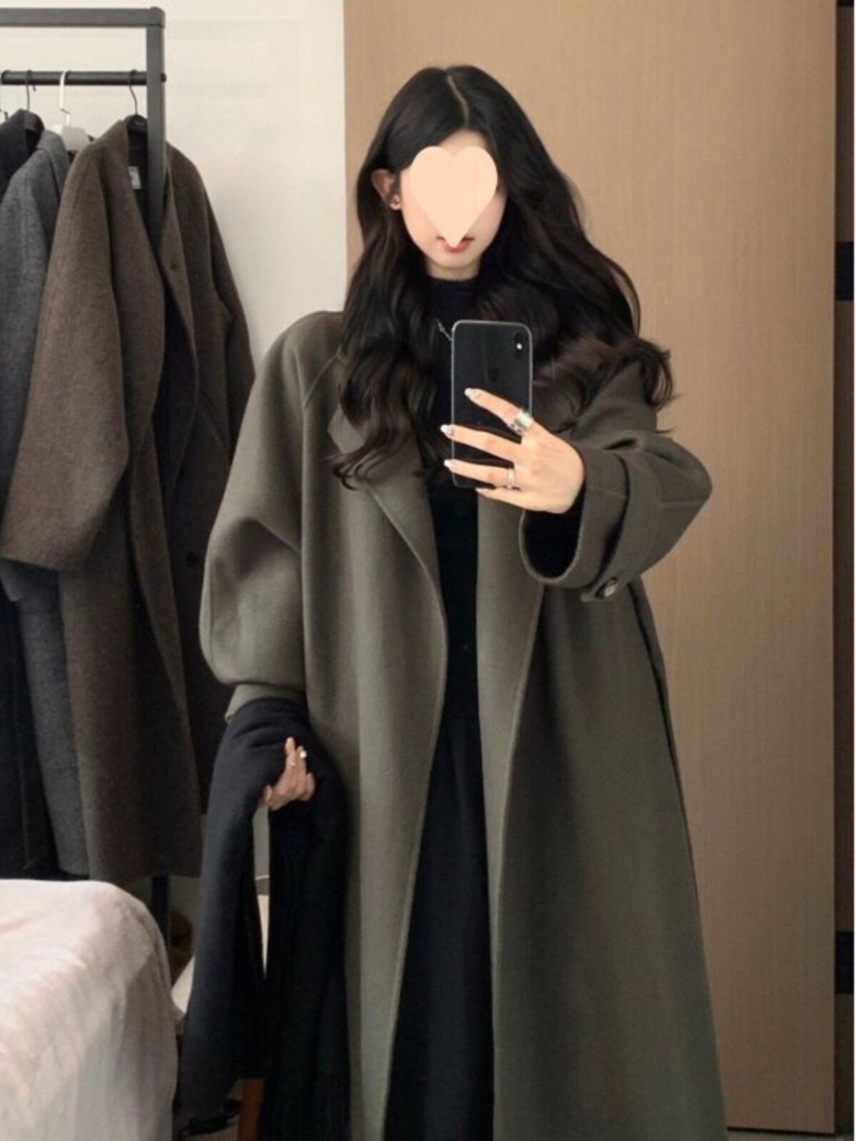 Mist Gray Green Woolen Coat for Women, Autumn and Winter Korean Style Plus Size 100kg High-End Petite Hepburn Style Woolen Coat
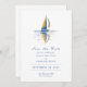 Anpassa det rena, rena, skarpa lodrät Inbjudningskort för möhippan, designat med en originalmarin blå och gult enkel konstnärlig målning av en segelbåt med en vacker reflektion av den i havet. Helt anpassade och ställ in som mall för enkel anpassning. Minimalistisk nautisk design. Du kan också ändra hörnet stil för den här inbjudan.
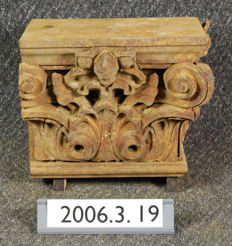 Hollow block with compound molding at top and bottom edges,return at right side,applied acanthus and volute ornaments on front and right side,both trimmed down . Reverse has eyelet for anchorage to masonry.Front and side have few remnants of paint.
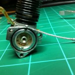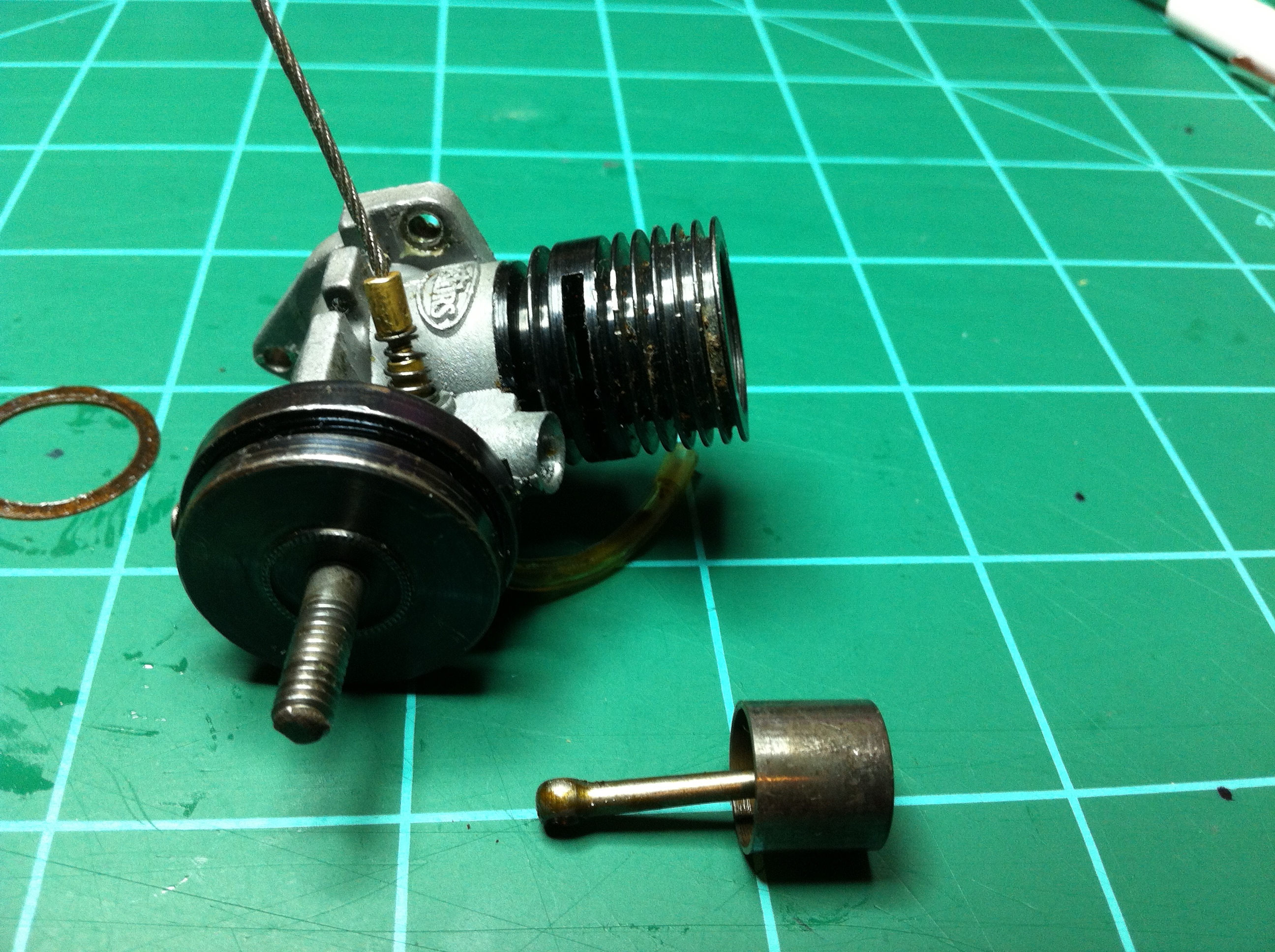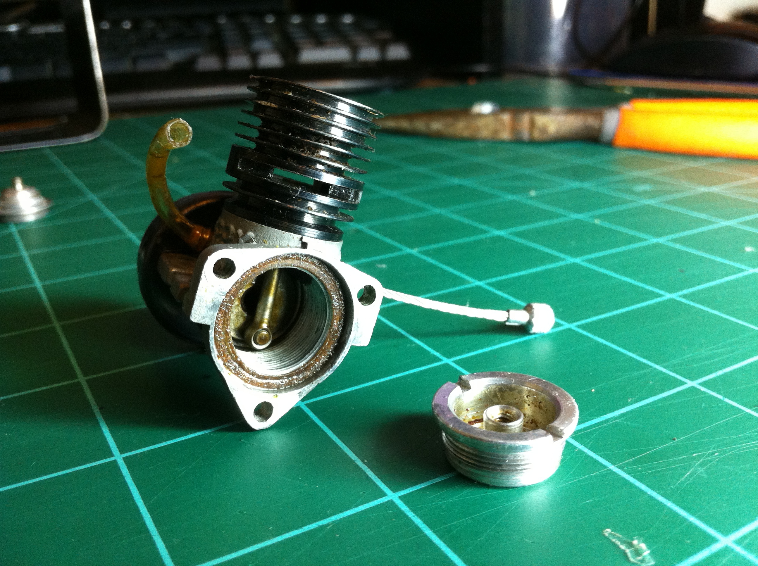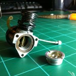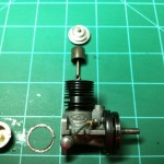 I googled how to dismantle the engine and the best way to clean it but I couldn’t find too much. To help free up the shaft and get a lot of the gummed up old fuel out of it, I decided to soak the engine in carburetor cleaner. I was able to get the glo-plug off of the top of the engine with a pair of pliers – This let the carb-cleaner get down into the engine itself. I let the engine soak for about 6 hours. After I took it out and dried up all of the carb-cleaner, I was able to spin the shaft 360 degrees. It wasn’t very smooth, but it spun. I then found a piece of aluminum 1/16″ x 3/4″ and I used that to unscrew the cap on the back of the engine. After that I took the piston out. To do this I took a very small pair of pliers and pulled the piston connection rod off of the crankshaft. Then I pushed the piston rod up and pulled the piston out through the hole where the glo-plug screws in.
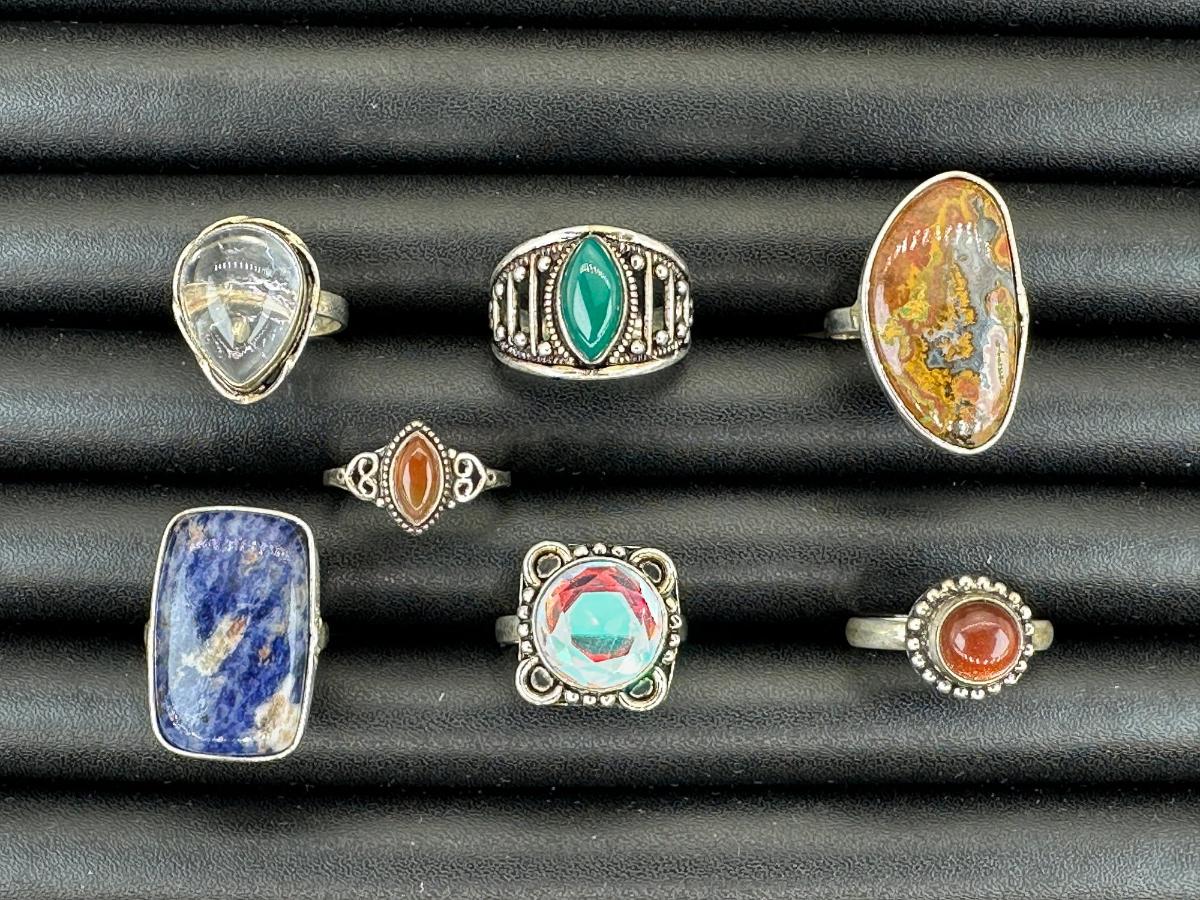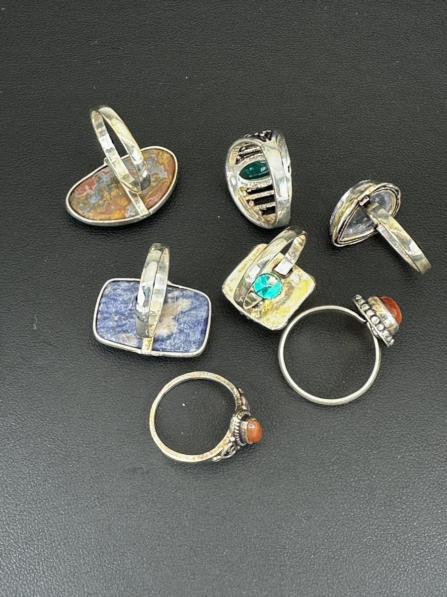 Assorted Silver Plated Handmade Gemstone Rings For Women Sizes 4 To 10
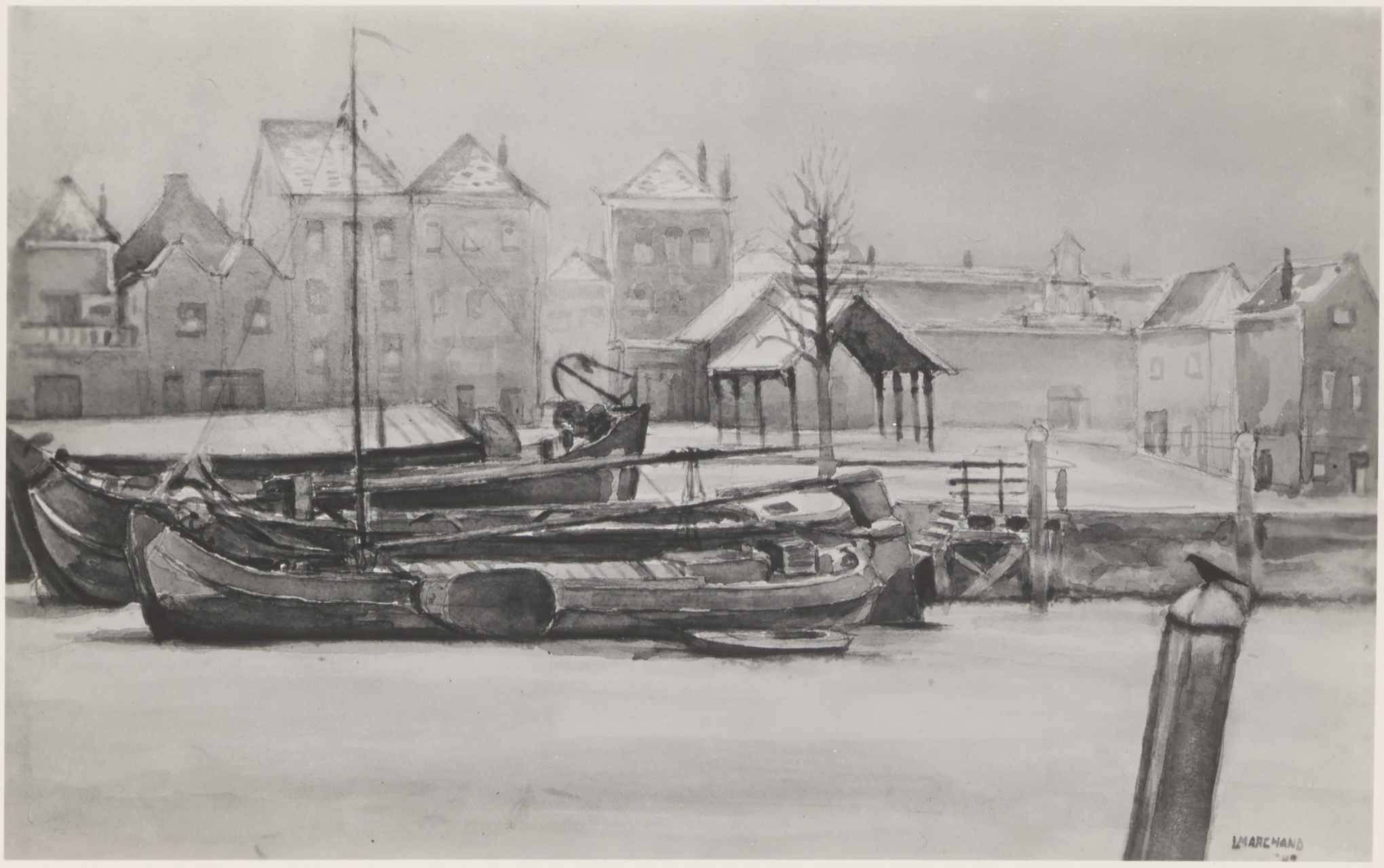 - Schilderij van L. Marchand van de Vismarkt, gezien over de Nieuwe Haven.
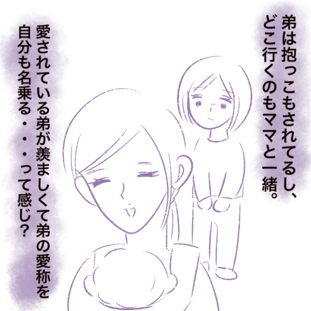 (弟は抱っこもされてるし、どこに行くのもママと一緒。愛されている弟が羨ましくて弟の愛称を自分も名乗る・・・って感じ?)
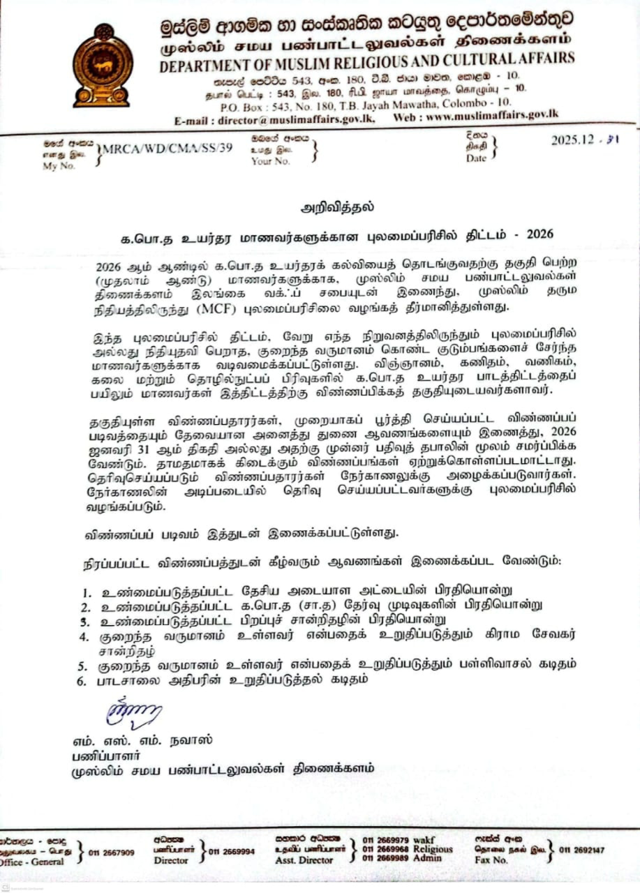 Muslim Charities Fund Scholarships 2026 January 6, 2026 ceylonvacancy APPLICATION 0 Muslim Charities Fund Scholarships 2026 JOIN WHATSAPP GROUPJOIN HEREDOWNLOAD APPLICATIONDOWNLOAD
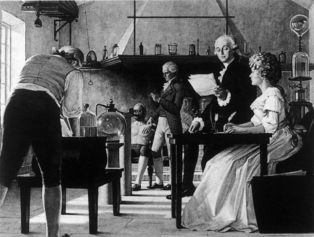 拉瓦锡夫妇经常在家举行一些科学集会,邀请巴黎的科学家们参加。图为拉瓦锡在集会上做实验演示,玛丽在对实验作详细记录。《化学基础论》(附《反燃素论》)插图
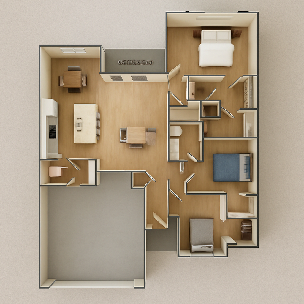 make as photorealistic as possible while keeping textures the same as selection professional landscaping in a lightly wooded scene with good lighting match materials
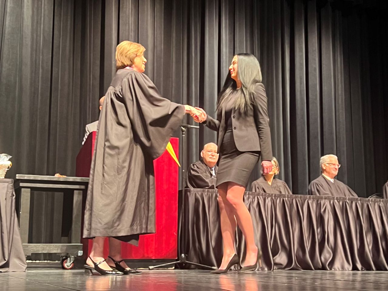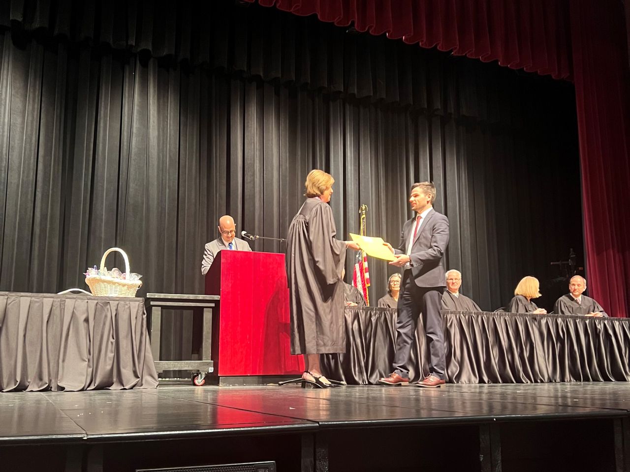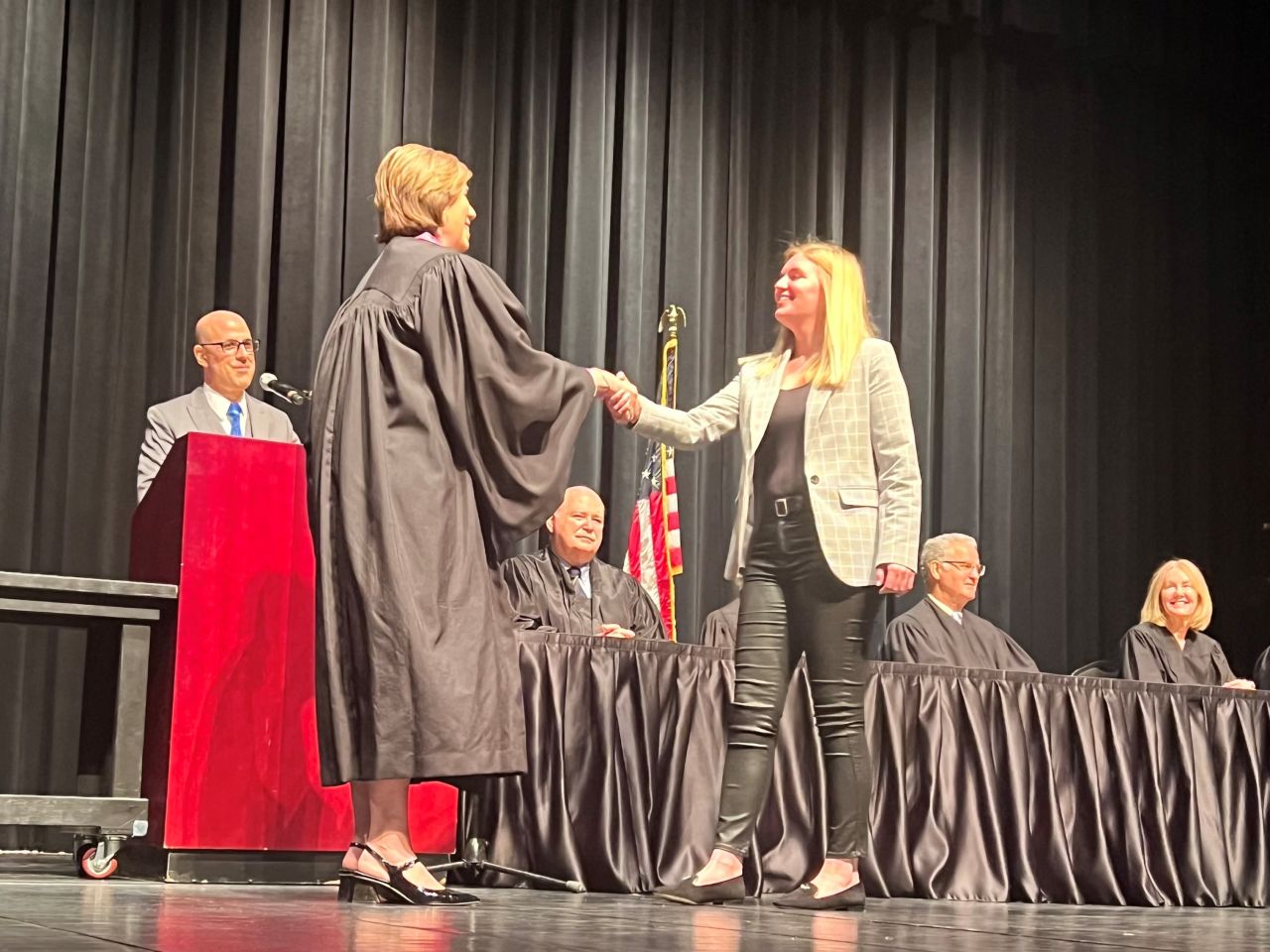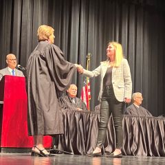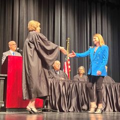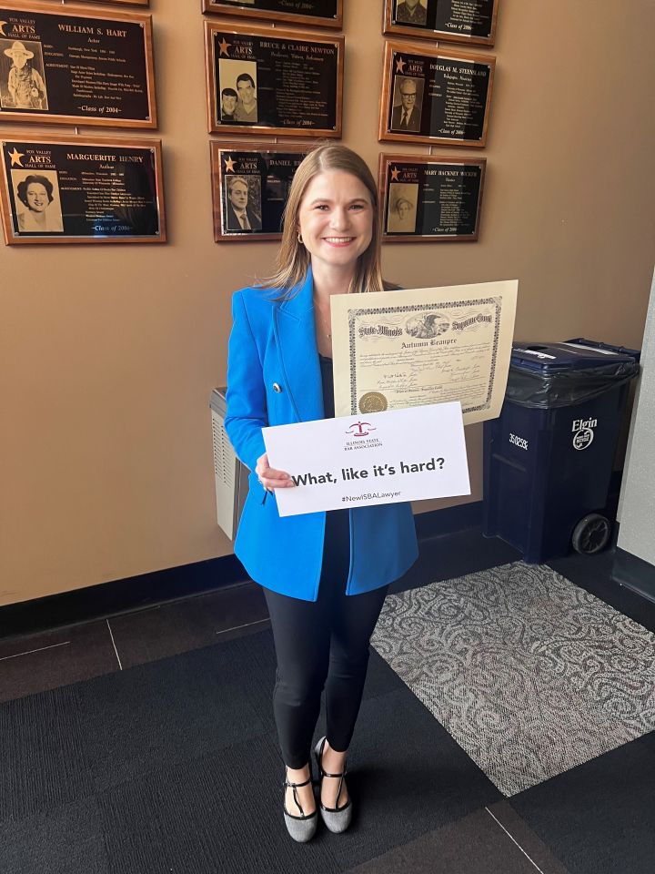 On May 8, 2024, 13 new lawyers were admitted to practice in the Second District of Illinois. The ceremony was held at the Hemmen’s Memorial Building Auditorium, 150 Dexter Court, in Elgin. Illinois Supreme Court Justice Elizabeth M. Rochford presided over the ceremony. Illinois State Bar Association Treasurer Sarah Toney spoke at the ceremony.

How to complete this task - Using the data above, give again exactly the lines starting at the one holding "Muslim Charities Fund Scholarships 2026 January" and ending at the one holding "拉瓦锡夫妇经常在家举行一些科", inclusive, and nothing more. Omit the pictures.

Solution for this exercise -
 Muslim Charities Fund Scholarships 2026 January 6, 2026 ceylonvacancy APPLICATION 0 Muslim Charities Fund Scholarships 2026 JOIN WHATSAPP GROUPJOIN HEREDOWNLOAD APPLICATIONDOWNLOAD
 拉瓦锡夫妇经常在家举行一些科学集会,邀请巴黎的科学家们参加。图为拉瓦锡在集会上做实验演示,玛丽在对实验作详细记录。《化学基础论》(附《反燃素论》)插图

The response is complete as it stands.